# Best mousse for scrunching hair



## Blueeyesangel18 (Dec 28, 2008)

Scrunching hair never works for me 
	

	
	
		
		

		
			





 I don't even understand why not cuz my hair is kinda curly after I get out of the shower if I didn brush it so I tried scrunching with la coupe perfect curls gel and followed the directions on the bottle then I used the diffuser on my hairdryer but it just came out blah and sticky I watced a few youtube videos and the girls in the videos use a mousse but I dont know which one to get there are so many different ones, do any specktra ladies scrunch their hair and if so what do you use??


----------



## vocaltest (Dec 28, 2008)

paul mitchell extra body sculpting foam or sculpting foam are good choices. i'd say extra body tho


----------



## stronqerx (Dec 28, 2008)

I use diff ones, but they all work for me. I dont know why i always rotate between these two..samy & herbal essences. Sometimes when i run out and don't go out to buy more, i use tresseme because my little sister uses that and it works too. Try those.


----------



## LaItaliana (Dec 29, 2008)

How long is your hair? I used to have pretty long hair, no layers and it has a natural wave to it, but it was really hard to make curls.

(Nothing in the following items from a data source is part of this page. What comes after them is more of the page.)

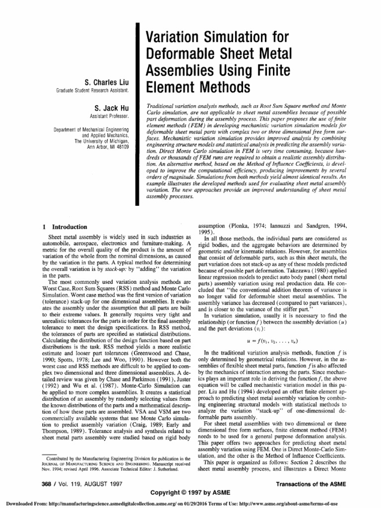 Variation Simulation For Deformable Sheet Metal Assemblies Using Finite ...
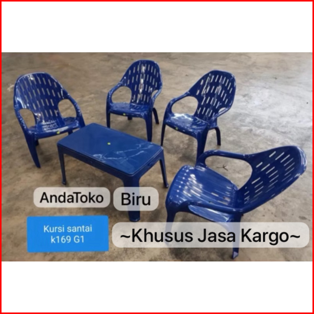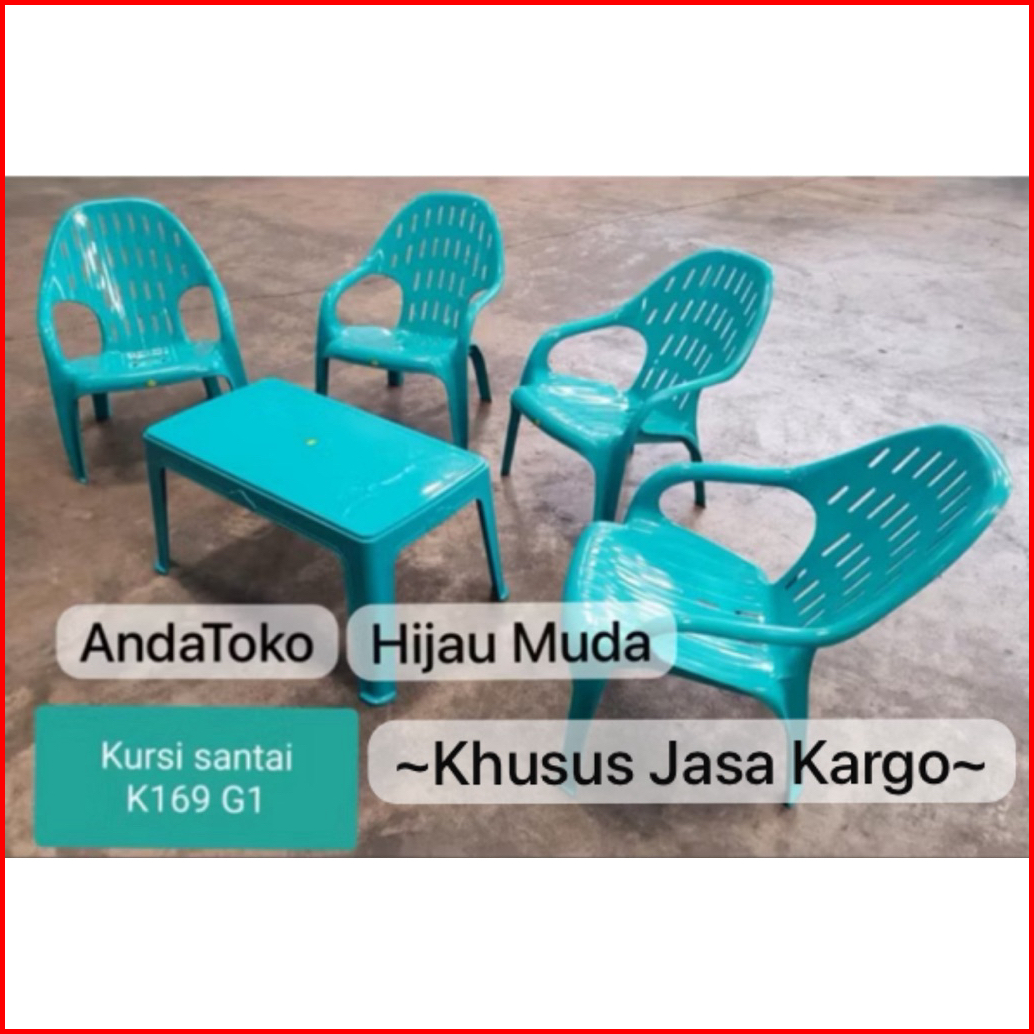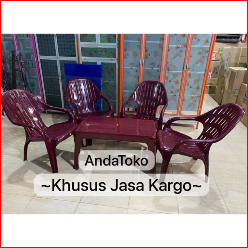 Khusus Kargo Kursi Plastik Santai G1 1set 2kursi 1mejapanjang 4kursi 1mejapanjang
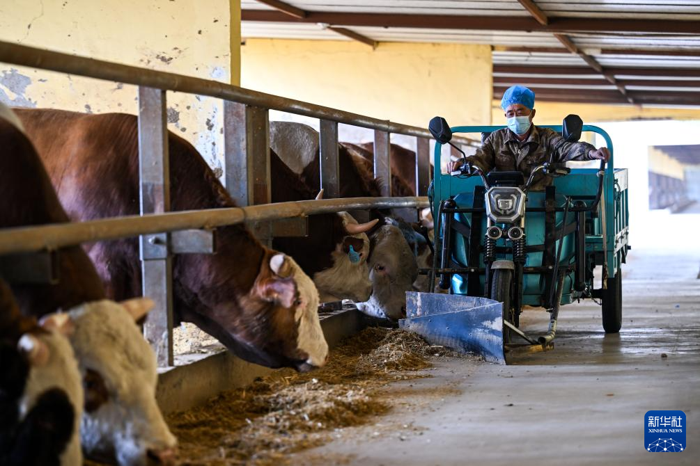 4月29日,工人在杭锦旗一家肉牛养殖企业喂牛。
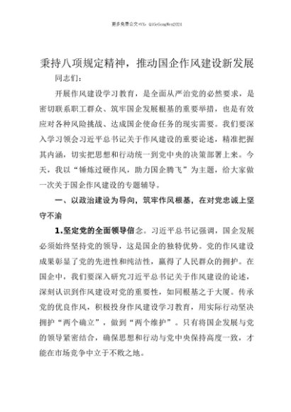 【七哥公文】2025年:【七哥公文】研讨发言:秉持八项规定精神,推动国企作风建设新发展+更多免费公文+VX:QiGeGongWen2024+更多免费公文+VX:QiGeGongWen2024

Now, I have shoulder-length with lots of layers and when I scrunch it, it looks naturally super curly. Sometimes before I tame it, its almost Flashdance status 
	

	
	
		
		

		
		
	


	




But I use Sunsilk Waves of Envy Gel & Cream twist & the sea salt spray. I put the gel all over my hair after I brush it then I start to scrunch it. I apply the sea salt liberally all over and diffuse. Big Sexy Hair Root plump gives me some volume.... But basically just dry it well (I flip my head over first then finish with the sides and back) and if theres not enough definition use Tresemme flawless curls reactivation mist (best scrunch spray in my opinion) and spray a decent amount of that on undefined/uncurled spots. diffuse over the areas you sprayed again & you should have pretty bouncy curls.


----------



## mena22787 (Dec 29, 2008)

i like garnier's curling mousse, cheap and works like a charm w/ me ( i have naturally curly hair)


----------



## MissMochaXOXO (Jan 2, 2009)

try a little volumizing gel mixed with a mousse. make sure to get ur realy dry and don't leave it damp- that will just leave it sticky. u need to get all the product dried up and activated to have bouncy,pretty curls


----------



## s0xjuicy (Jan 5, 2009)

I use whatever and it works, I like Tresemme's line of products also, I also use a lot of mousse and I concentrate most of it at my roots to get volume and then use a diffuser. 

You're not combing your hair right? That can get rid of the wavyness/curls. 

And I agree with LaItaliana, it also depends on your haircut.


----------